I was talking to a friend about our first pregnancies the other day – whether we went into them wanting to have a boy or a girl, whether we found out in advance of the birth, etc – and I got to telling her my own gender reveal story, which just so happens to be the weirdest one I’ve ever heard of (although if you’ve got a story that’s a contender, please tell me, because I want to read it), and which also ended with me crying in a cafe on Ninth Avenue.
How I found out the sex of my first child: While lying on a table in a Marriott hotel ballroom. In front of about four hundred people. And then I burst into tears.
(…Let me back up. Stay with me; I promise this will make sense – sort of – in a minute.)
At one point during my teenage years growing up in NYC, I landed myself a mid-level modeling agent and started doing occasional commercial-type modeling jobs (meaning shoots for catalogues and face washes as opposed to for, say, Vogue). Once, I was asked to do a runway show at the Javits Center, a huge convention center that spans several blocks of New York City’s West Side, and ended up walking down a runway wearing a wedding dress and carrying a whip, accompanied by two scantily clad men. Perhaps not the most appropriate afterschool activity for a fourteen-year-old, but it was definitely an experience, and there just so happened to be a scout for Ford Models in the audience who was apparently blinded enough by my whip-wielding skills to sign me up for their Kids and Teens division.

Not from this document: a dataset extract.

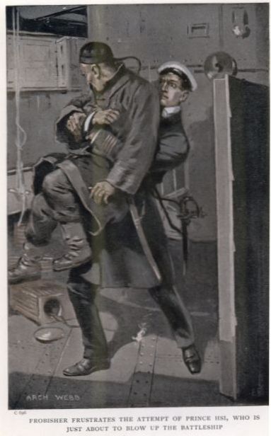 After this generous and unparalleled gift, will it surprise readers very much to learn that the lieutenant who was once cashiered from the Navy for losing his ship is now Captain Sir Murray Frobisher, Baronet, holding the rank of post-captain on board one of the battleships which he himself presented to his country?
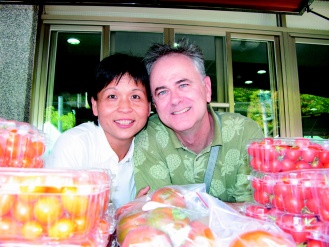 原是CNN亞特蘭大制作人的任卡爾(右)與妻子謝佩玲在南投縣栽培無農藥西紅柿,找到樂活園丁新生活。圖片來源:臺灣《聯合報》

So then I spent a couple of years getting to call myself a Ford model. This was super exciting and gave me a much-needed self-esteem boost, but in retrospect it also didn’t make a ton of sense, mostly because at five foot five and more “doofy and earnest” than “mysterious and smoldering,” I really was not especially model-y at all. But that didn’t seem to matter much in the Kids and Teens division: what mattered was that I had juuuuust the right amount of cheery awkwardness to have a decent chance of getting chosen to be in ads for things like breakfast cereal.
My wildly illustrious modeling career ended up petering out around age 16, when I got too old to be in the Kids and Teens category and started needing to compete with actual models, which I could not do. So I focused my energy on acting for the remainder of my high school years, and then put the whole thing on ice when I went off to college.
A little over a decade later, I got pregnant, and my hormones and my mother (“But you used to be a Ford model!”) somehow combined to make me think that it would be an excellent idea to call up a local maternity modeling agency and try to make a few extra bucks posing for catalogues that sold things like bathing suits cut for mothers-to-be. The agency signed me up, and I waited for the jobs to start rolling in.
Except I forgot one key fact: actual models get pregnant, too. And actual models who are pregnant tend to be the ones who book actual pregnant-model jobs.
The sum total of the modeling jobs I got when I was pregnant equaled One. And to call when I ended up getting asked to do “modeling” is a pretty huge stretch, because what the job entailed was showing up at a Marriott hotel and then laying down on a table behind a privacy screen while a doctor from Harvard gave me an ultrasound, projected the images onto a giant screen in the auditorium, and then discussed the findings via microphone for the benefit of the hundreds of assembled doctors and academics. The only thing that was getting “modeled” was my uterus.
When the experience was over I went on my way with the printed-out photo of my baby that the doctor had given me, and it was all extremely weird and not even close to what I had thought I was signing up for, but it was also pretty exciting, because at one point the doctor looked at me and said, “Would you like to know the sex of your child?”
I was only about fourteen weeks pregnant, which I had thought was too early, but apparently the baby was in a good position, or maybe the doctor was just feeling lucky. In any case, I said yes, and learned – via microphone, along with four hundred total strangers – that I was almost certainly having a boy.
And I cried.
Because the idea that I might have a boy – whom I pictured, at the time, as a sports-obsessed alien who would be separated from me by wide, yawning emotional canyons and who I would never really understand or get to know – was simply something that hadn’t occurred to me. I didn’t really know much about what little girls were like, but at least I had been one. Little boys were an entirely unknown quantity, and in that moment I was afraid that my son would be so much of a mystery that he wouldn’t even feel like mine.
And then we had our little boy.
And he is sweet and gentle and my best friend, and lies quietly next to me in the mornings eating blueberry waffles while I brush his hair back from his forehead and talk to him about airplanes and dogs and the moon and stars, and what the day will bring.